Revision as of 20:52, 13 January 2024

In algebra, the Factor theorem is a theorem regarding the relationships between the factors of a polynomial and its roots.


One of it's most important applications is if you are given that a polynomial have certain roots, you will know certain linear factors of the polynomial. Thus, you can test if a linear factor is a factor of a polynomial without using polynomial division and instead plugging in numbers. Conversely, you can determine whether a number in the form $f(a)$ ($a$ is constant, $f$ is polynomial) is $0$ using polynomial division rather than plugging in large values.

Statement

The Factor Theorem says that if $P(x)$ is a polynomial, then $x-a$ is a factor of $P(x)$ if and only if $P(a)=0$.

Proof

If $x - a$ is a factor of $P(x)$, then $P(x) = (x - a)Q(x)$, where $Q(x)$ is a polynomial with $\deg(Q(x)) = \deg(P(x)) - 1$. Then $P(a) = (a - a)Q(a) = 0$.

Now suppose that $P(a) = 0$.

Apply Remainder Theorem to get $P(x) = (x - a)Q(x) + R(x)$, where $Q(x)$ is a polynomial with $\deg(Q(x)) = \deg(P(x)) - 1$ and $R(x)$ is the remainder polynomial such that $0\le\deg(R(x)) < \deg(x - a) = 1$. This means that $R(x)$ can be at most a constant polynomial.

Substitute $x = a$ and get $P(a) = (a - a)Q(a) + R(a) = 0\Rightarrow R(a) = 0$. Since $R(x)$ is a constant polynomial, $R(x) = 0$ for all $x$.

Therefore, $P(x) = (x - a)Q(x)$, which shows that $x - a$ is a factor of $P(x)$.

Problems

Here are some problems that can be solved using the Factor Theorem:

Introductory

Intermediate

Suppose $f(x)$ is a $10000000010$-degrees polynomial.

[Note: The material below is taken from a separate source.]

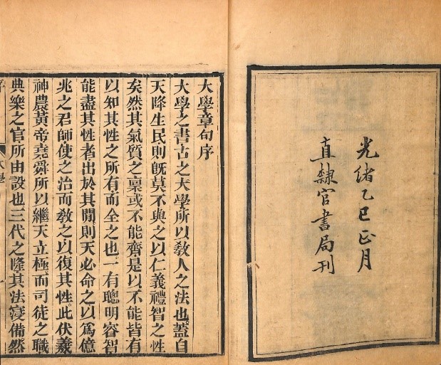 《四書》全稱《四書章句集注》,是南宋理學家朱熹的注釋。宋以前《五經》立於學官,唐孔穎達的《五經正義》是官定的經書注釋。宋時程、朱將《大學》、《中庸》、《論語》、《孟子》也作為經書,與《五經》並列。光宗紹熙元年朱熹刊刻其書包括《大學章句》一卷、《中庸章句》一卷、《論語集注》十卷、《孟子集注》七卷,四書名稱從此確立。元皇慶二年定考試課目必須在四書內出題,並以朱熹的集注為根據,其後一直到明清相沿不改,是為近六百年中國讀書人的思想圭臬。清初以內府所藏宋淳祐六年丙午補刻燕山嘉氏宣城大字本等,與繼承明北京國子監的板片等相互校考,校訂了十三經。查公藏目錄,名稱《監本四書》的本子並不多,官方或準官方的刊本更是稀缺;直隸官書局刊刻名《監本四書》的也僅此一種。值得注意的是,這部直隸官書局所刻於光緒乙巳年正月的《監本四書》,也可能是晚清最後一部準官方刻印的經部書籍。同年稍晚,即光緒三十一年八月初四日內閣奉上諭:「袁世凱等奏請立停科舉以廣學校,並妥籌辦法一摺….。著即自丙午科為始,所有鄉會試一律停止,各省歲科考試亦即停止」,自此大約也再無由準官方刻印四書五經等的需求了。
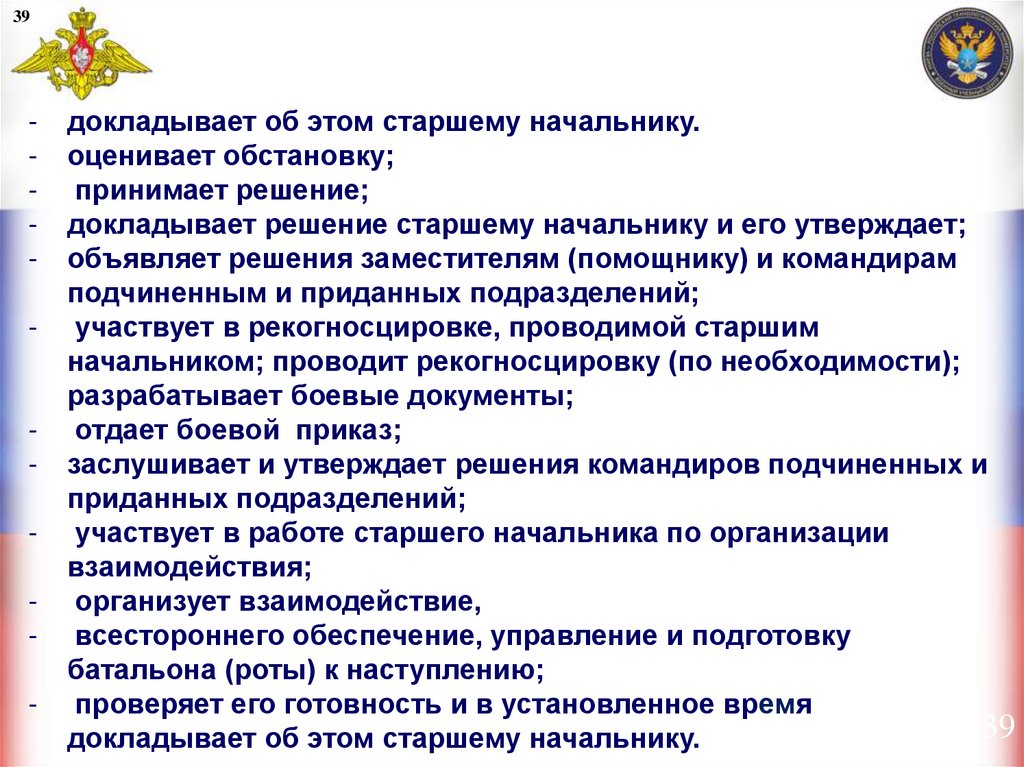 Получив задачу на наступление, командир батальона (роты) уясняет

The Fundamental Theorem of Algebra tells us that there are $10000000010$ roots, say $r_1, r_2, \dots, r_{10000000010}$. Suppose all integers $n$ ranging from $-1$ to $10000000008$ satisfies $f(n)=n$. Also, suppose that

$(2+r_1)(2+r_2) \dots (2+r_{10000000010})=m!$

for an integer $m$. If $p$ is the minimum possible positive integral value of

$(1+r_1)(1+r_2) \dots (1+r_{10000000010})$.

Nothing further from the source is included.